Saatnya Sekolah Kejar Ketertingalan Pelajaran

Editor: Ivan Aditya

YOGYA, KRJOGJA.com – Seiring melandainya kasus Covid-19, Dinas Pendidikan Pemuda dan Olahraga (Disdikpora) DIY memperbolehkan sekolah untuk melaksanakan pembelajaran tatap muka (PTM) 100 persen. Diharapkan ketertinggalan materi ajar saat pembelajaran jarak jauh (PJJ) dapat dikejar. Konsekuensi dari adanya pelonggaran tersebut, sekolah diminta menegakkan prokes dengan baik.
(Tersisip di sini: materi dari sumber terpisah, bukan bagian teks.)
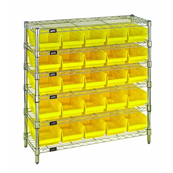 Bin Wire Shelving System, 36''W x 12''D x 36''H overall size, 800 lb. capacity per shelf, includes: 6 wire shelves, 4 posts, 25 QSB102 yellow bins, chrome plated finish
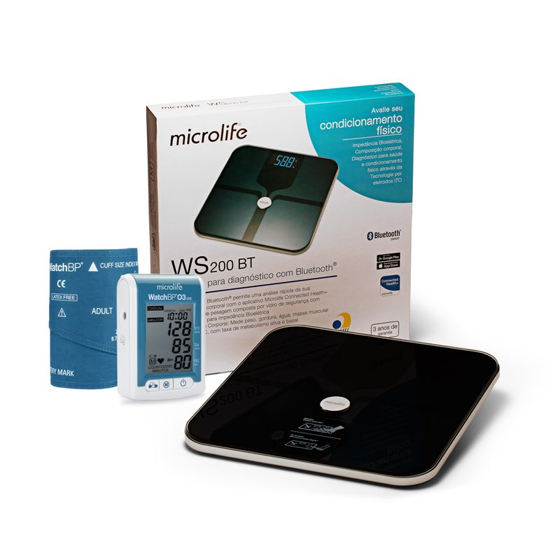 A balança de bioimpedância Microlife ajuda a verificar e analisar sua saúde. Possui sensores capazes de calcular automaticamente a gordura corporal e percentagem de água que em função de sua altura, idade e sexo, fazendo com que o monitoramento do seu estado nutricional tenha mais qualidade e seja prático. - Balança de bioimpedância para diagnóstico corporal com Bluetooth- Microlife - Plataforma de vidro com eletrodos ITO para uma melhor leitura; - Avaliação do condicionamento físico e diagnóstico da composição corporal: Mede peso, gordura, água, massa muscular e óssea, IMC, com taxa de metabolismo ativa e basal; - Possui conectividade via bluetooth ao App Microlife Connected Health + onde os dados são automaticamente transferidos, fazendo com que a verificação dos resultados seja mais prática e completa; - Possui desligamento automático, evitando preocupação em deixá-la ligada e desperdício de baterias; - Possui capacidade de 180 kg; -

“Saat ini sekolah sudah diperbolehkan untuk melaksanakan PTM 100 persen, tentunya dengan tetap mengedepankan penegakan Prokes. Meski begitu kalau kondisi tidak memungkinkan sekolah tidak boleh memaksakan diri. Jadi pelaksanaan PTM harus disesuaikan kondisi sekolah,” kata Kepala Disdikpora DIY, Didik Wardaya MPd di Yogyakarta.

Menurut Didik, pelaksanaan PTM 100 persen dilakukan sejalan dengan sudah kian banyaknya tempat umum yang mulai dibuka. Jadi pelaksanaan PTM juga akan menyesuaikan kondisi kasus wilayah tempat sekolah berada.

Selain itu karena pelaksanaan PTM bersamaan dengan momentum Ramadan harus diisi kegiatan positif yang bermanfaat. Baik yang berkaitan dengan kegiatan keagamaan atau materi tentang pembentukan karakter.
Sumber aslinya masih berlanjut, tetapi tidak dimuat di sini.